Une femme est jalouse de sa voisine, elle en parle avec dépit, elle en raconte la vie peut-être légère et la dépeint comme coupable. La calomnie est crue; le coup est porté, la réputation est ternie. Cela ne se nomme pas dérober. Mais le tort est-il moins réel, le dommage moins grand? Pour le sentir, il suffit soi-même d’être la victime!

Un vendeur maquille sa marchandise, donne sa qualité pour une autre, la vante outre mesure, profite d’une bonne occasion et achète pour un morceau de pain au nécessiteux ce qu'il revend au poids de l’or au riche;

Un autre fait une promesse et ne la tient pas;

Un autre donne une espérance qu’il sait être illusoire;

Un autre flatte pour obtenir une faveur;

Un autre dénigre pour détourner une protection à son profit:

tout cela n’est pas voler dans le sens strict du mot; mais au fond, n’est-ce pas faire tort? N’est-ce pas tromper?


* * *


Il y avait une fois un homme, grand ami de la fortune. Dépositaire du petit trésor d'une association charitable, il regrettait l'argent qui sortait de ses mains et celui qui n'y entrait pas. Un jour, pour gagner quelques pièces de monnaie, il dénonça la retraite de son maître que la police du temps recherchait.

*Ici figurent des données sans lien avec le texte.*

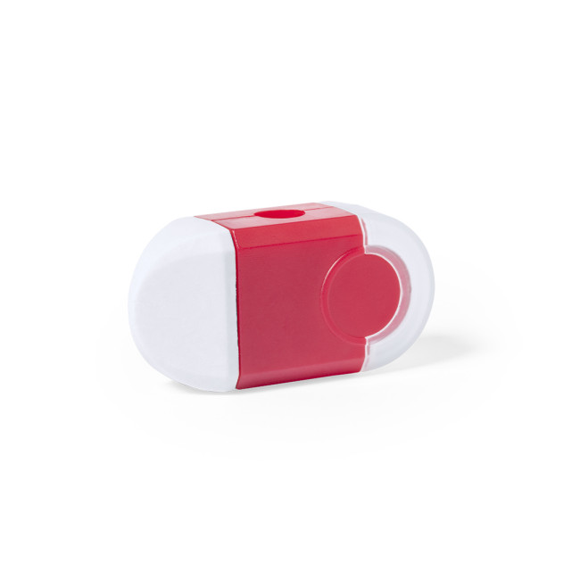 Set di gomme e temperamatite in colori vivaci. Vano rifiuti con cappuccio trasparente

Rien de plus. Il ne tua ni ne vola, seulement il donna une adresse.

Son maître fut arrêté, jugé, CONDAMNÉ ET MIS À MORT, BIEN QU’INNOCENT.

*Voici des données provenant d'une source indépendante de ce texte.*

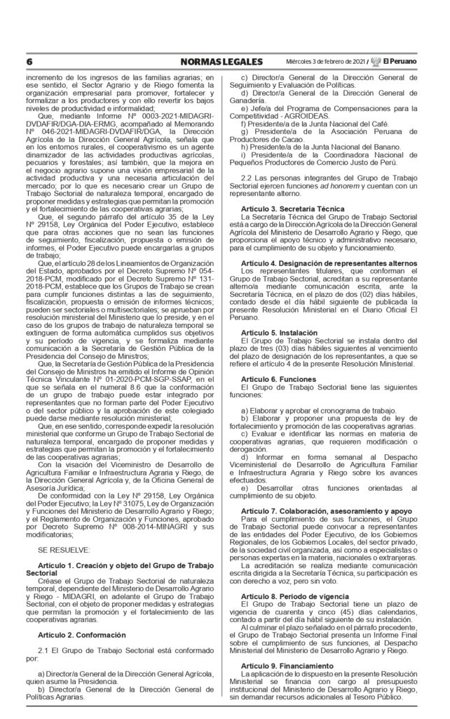 Créase el Grupo de Trabajo Sectorial de naturaleza temporal, dependiente del Ministerio de Desarrollo Agrario y Riego – MIDAGRI, en adelante el Grupo de Trabajo Sectorial, con el objeto de proponer medidas y estrategias que permitan la promoción y el fortalecimiento de las cooperativas agrarias.

Pour moi, je l'avoue, il est tel larron, tel brigand que je préfère à ces honnêtes gens, se vantant de n'avoir ni tué ni volé; ce sont les larrons qui disent avoir été larrons et qui en pleurent; des brigands qui reconnaissent avoir été brigands, et qui, repentants, prient.

Le péager, qui, à la porte du temple de Jérusalem, se frappait la poitrine, disant: «Ô Dieu, sois apaisé envers moi, pécheur!» m'intéresse plus que l'homme qui se redresse et dit: «JE N'AI NI TUÉ NI VOLÉ.»

Le brigand crucifié qui s'écrie: «Je souffre ce que mes crimes méritent, Seigneur, souviens-toi de moi,» excite plus mes sympathies que le vantard qui m'assourdit de cette parole: «JE N'AI TUÉ NI VOLÉ.»

Ce péager et ce brigand sont coupables, mais au moins ils l’avouent;

ils ont fait le mal, mais au moins ils le regrettent;

ils en gémissent, en demandent pardon.

Si le crime est dans leur passé, l'humilité et le repentir sont dans leur présent, et tandis que les autres nient le mal qu’ils ont accompli pour continuer le même train de vie, ce larron et ce délinquant désirent et promettent de changer.

Aussi, Jésus-Christ nous dit-il, du premier, qu'il «retourna justifié dans sa maison» et répond-il au second: «Aujourd'hui même tu seras avec moi en paradis».


La grande différence entre les hommes, ce n'est pas que les uns aient fait le bien et les autres le mal.

La grande différence, c'est que les uns avouent et que les autres nient le mal que tous ont fait.

Ce qui constitue le coupable devant Dieu, ce n'est pas telle ou telle violation de la loi, c'est TOUTE violation.

Chacun pêche selon ses goûts, selon les circonstances, selon son éducation: mais TOUS PÊCHENT et voilà l'essentiel.

Ce serait une étrange justification pour un prévenu devant les tribunaux, que de dire:

«Sur les dix mille articles du Code, il y en a deux que je n'ai jamais violés: JE N'AI NI TUÉ NI VOLÉ».

Si cette défense est mauvaise devant les juges imparfaits, sera-t-elle meilleure devant le Dieu trois fois saint? Vous représentez-vous au dernier jour un juif et un chrétien, le Décalogue à la main, disant au Seigneur des cieux et de la terre: «Sur les dix articles de la loi, il en est deux que je n'ai jamais violés: JE N'AI NI TUÉ NI VOLÉ?»

Bien, répondrait le Roi, TU NE SERAS CONDAMNÉ NI POUR VOL NI POUR MEURTRE, mais seulement pour les huit autres transgressions qui remplissent ta vie.

Qu'on le jette au milieu des ténèbres, non pas avec les voleurs et les meurtriers, mais avec les impurs, les menteurs, les rebelles à père et à mère, les orgueilleux, les méchants et les calomniateurs!